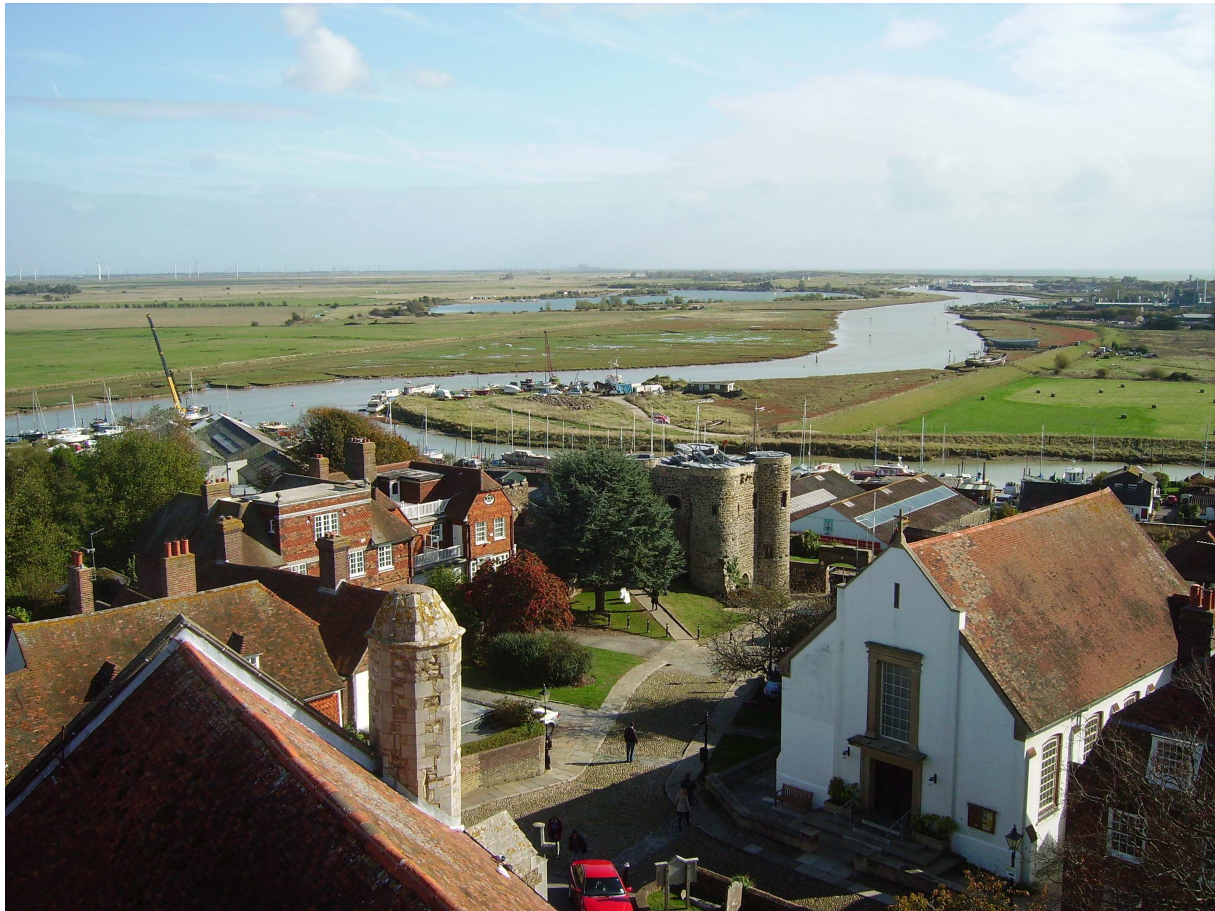
View of Romney Marsh from Rye Church
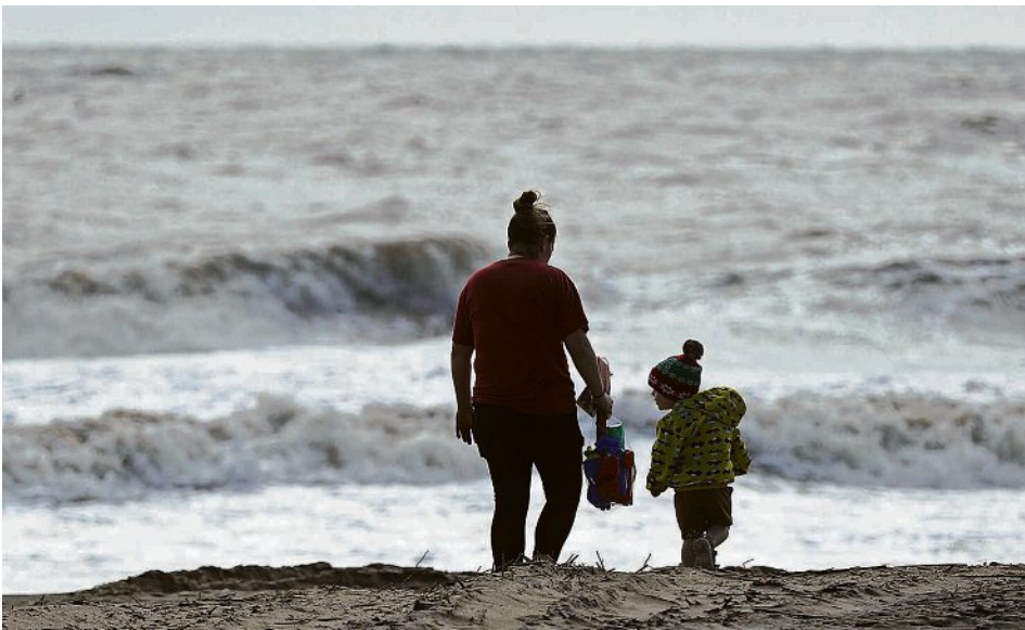
Choppy seas batter Tybee Island near Savannah, Georgia, as Hurricane Milton moves out into the Atlantic in 2024.

The Main Development Region, located between the Caribbean and Africa, is a region in the Atlantic where many tropical cyclones – tropical storms and hurricanes – form. This area is key because it's where many tropical waves, which can develop into hurricanes, originally form. The warm water in that key region is just one of the reasons hurricane forecasters are warning that hurricane season could soon heat up. Warm water everywhere It's not only the Main Development Region that's warm: Water across the Gulf of America (also known as Gulf of Mexico) and the Caribbean Sea are also above average, scientists said. See HURRICANES, Page 3A
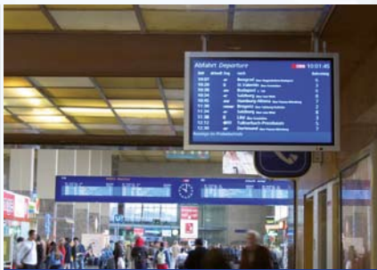
Vienna Train Station / Austria
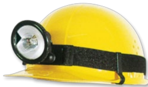
Figure F: Headlamp

(Chin straps are deliberately omitted on the safety helmets for clear demonstration of accessories.)
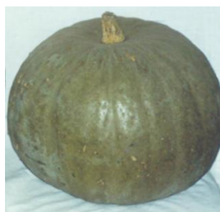
Pumpkin "Kavbuz Zdorovyaga"
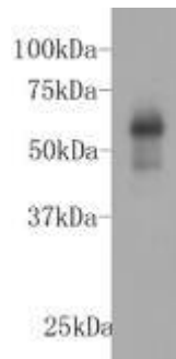
Fig1: Western blot analysis on recombinant protein using anti-KIAA0100 Mouse mAb (Cat. #
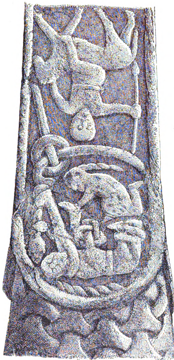
SIGYN CATCHING THE POISON. GOSFORTH CROSS, CUMBERLAND. 7th Century A. D.

But in another English 7th century slab we see SIGYN with her Cup. This is on the famous Gosforth Cross, a slab, 14 feet high, which has escaped the perils of some 1200 years by its position. It stands in a far off lonely little-visited
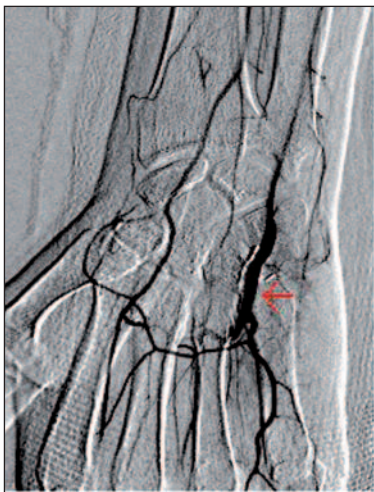
FIGURE 4: 6 week post operatively. Undisturbed arterial in-flow was seen. Red arrow points vein graft.

performed (Figure 3). Pathologic specimen was 2,1x1x1,5 cm in size and an organized thrombus in the pseudoaneurysm was diagnosed during histopathological examination. Six weeks after the reconstruction of the ulnar artery, an upper extremity arteriography was scanned in order to investigate arterial flow. Angiography proved there was no occlusion or thrombosis formation in graft anastomosis sites, and graft maintains blood through anastomosis to superficial and deep palmar arches (Figure 4).

▸ Task directions
Repeat the data in full, exactly as it stands, but drop every picture.

▸ Response to the task
View of Romney Marsh from Rye Church
Choppy seas batter Tybee Island near Savannah, Georgia, as Hurricane Milton moves out into the Atlantic in 2024.

The Main Development Region, located between the Caribbean and Africa, is a region in the Atlantic where many tropical cyclones – tropical storms and hurricanes – form. This area is key because it's where many tropical waves, which can develop into hurricanes, originally form. The warm water in that key region is just one of the reasons hurricane forecasters are warning that hurricane season could soon heat up. Warm water everywhere It's not only the Main Development Region that's warm: Water across the Gulf of America (also known as Gulf of Mexico) and the Caribbean Sea are also above average, scientists said. See HURRICANES, Page 3A
Vienna Train Station / Austria
Figure F: Headlamp

(Chin straps are deliberately omitted on the safety helmets for clear demonstration of accessories.)
Pumpkin "Kavbuz Zdorovyaga"
Fig1: Western blot analysis on recombinant protein using anti-KIAA0100 Mouse mAb (Cat. #
SIGYN CATCHING THE POISON. GOSFORTH CROSS, CUMBERLAND. 7th Century A. D.

But in another English 7th century slab we see SIGYN with her Cup. This is on the famous Gosforth Cross, a slab, 14 feet high, which has escaped the perils of some 1200 years by its position. It stands in a far off lonely little-visited
FIGURE 4: 6 week post operatively. Undisturbed arterial in-flow was seen. Red arrow points vein graft.

performed (Figure 3). Pathologic specimen was 2,1x1x1,5 cm in size and an organized thrombus in the pseudoaneurysm was diagnosed during histopathological examination. Six weeks after the reconstruction of the ulnar artery, an upper extremity arteriography was scanned in order to investigate arterial flow. Angiography proved there was no occlusion or thrombosis formation in graft anastomosis sites, and graft maintains blood through anastomosis to superficial and deep palmar arches (Figure 4).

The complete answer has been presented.